Monday, April 3, 2017

A book on the Reformation that left me satisfied, with six measures left over!

Since 2017 is the 500th anniversary of the start of the Protestant Reformation, we can expect to see a good number of books about this period coming out over the next few months. I expect that Reformation Theology will vie for first place amongst them. This book is massive—over 750 pages, but as girth does not always equate to worth, it's the contributors that make this volume a must have for any serious student of the Reformation.
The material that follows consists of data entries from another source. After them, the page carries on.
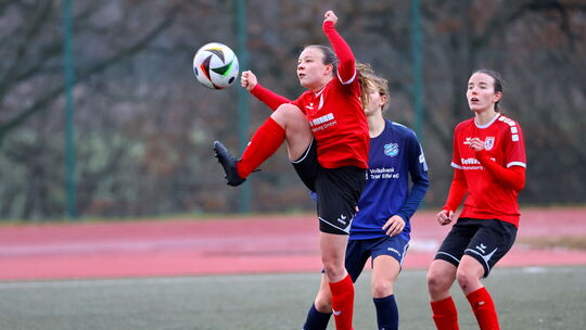 Die Holzbacher Abwehr um Hannah Wust (links) und Sophie Fritzen verrichtete einen guten Job gegen den Regionalligisten TuS Issel, zwei Gegentore musste man dennoch schlucken. Der Rheinlandliga-Tabellenzweite Holzbach unterlag in Simmern im Rheinlandpokal-Achtelfinale den Isselerinnen mit 0:2. B&P Schmitt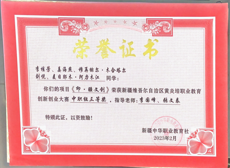 6 | 2023年 2月 | 新疆维吾尔自治区黄炎培职业教育创新创业大赛中职组:印·疆文创 | 自治区级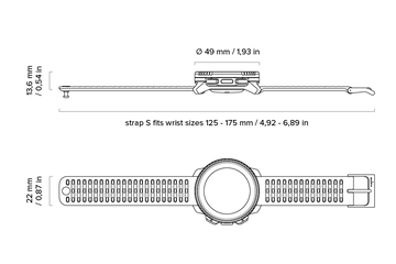 125-175 mm (accessory strap -215 mm) |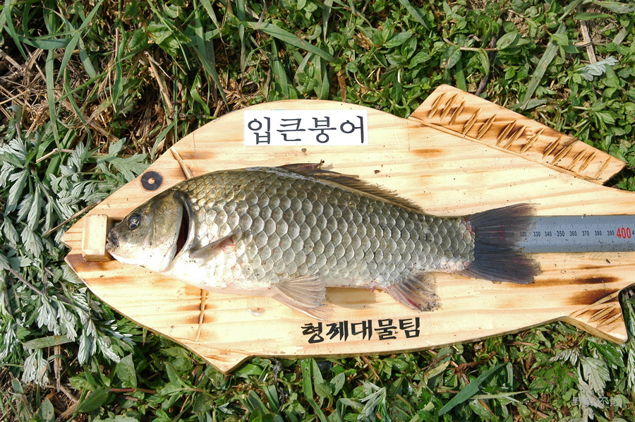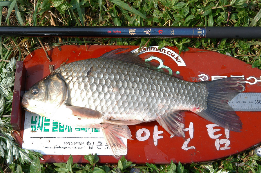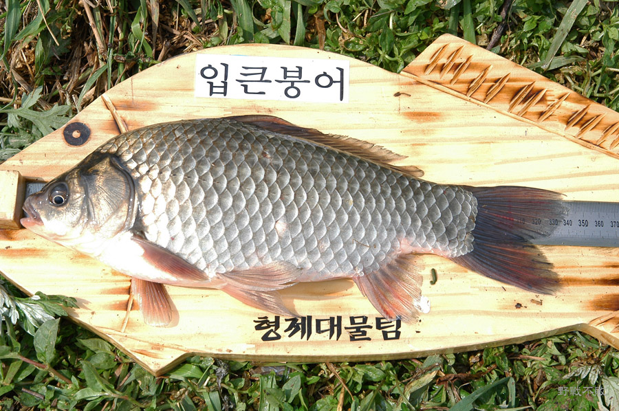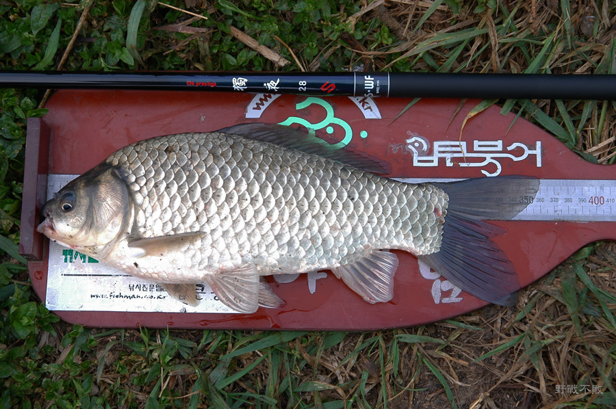 "핑~!!! 쒜액~!!" 거리는 녀석을 한 번~ 강하게 챔질을 하니.. 36cm급 토종붕어가 얼굴을 보인다.

Matthew Barrett, a capable scholar in his own right, as editor leads an all-star cast of theologians and scholars who take you doctrine by doctrine through the eyes of the various figureheads of the Reformation like Luther, Melanchthon, Zwingli, Bullinger, Calvin, Beza, Cranmer, and more. Many of their works and writings are cited, including ones most of us have probably never read, making the Reformers that much more accessible to us today.
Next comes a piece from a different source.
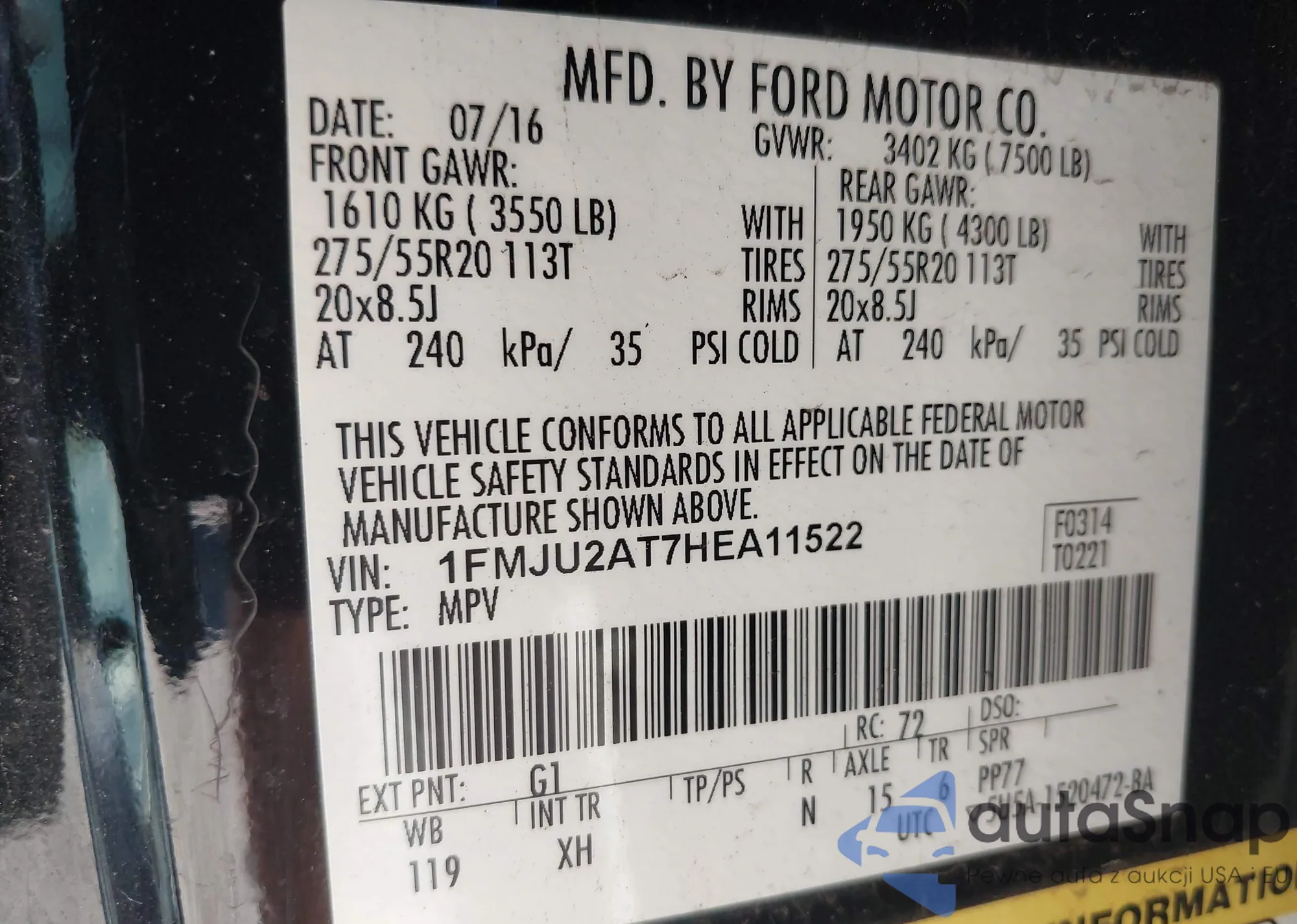 • VIN 1FMJU2AT7HEA11522

"Introductory" materials (about 50 pages) take a step back to consider what we are celebrating this year and bring us back to the principle of reformation itself. From there the book launches into a "brief" (about 80 pages) look at the development of theology in the few centuries before the Reformation, as well as the Reformers themselves. Had the book ended there, I would have been happy and full with what I had gleaned, but then I was invited to the banquet itself and left with six measures more than I could have expected: 17 chapters on doctrines from Sola Scriptura to End Times.

This is not a book most (including myself) will sit down and read cover to cover, at least, not in one go. There's only so much one can digest at a time! But it is a book that I do plan to read cover to cover, a chapter here, a chapter there. I've already read through a good portion of it, and skimmed over a few more sections. It's well worth the read, and well worth having.

I received this book from the publisher in order to provide this review.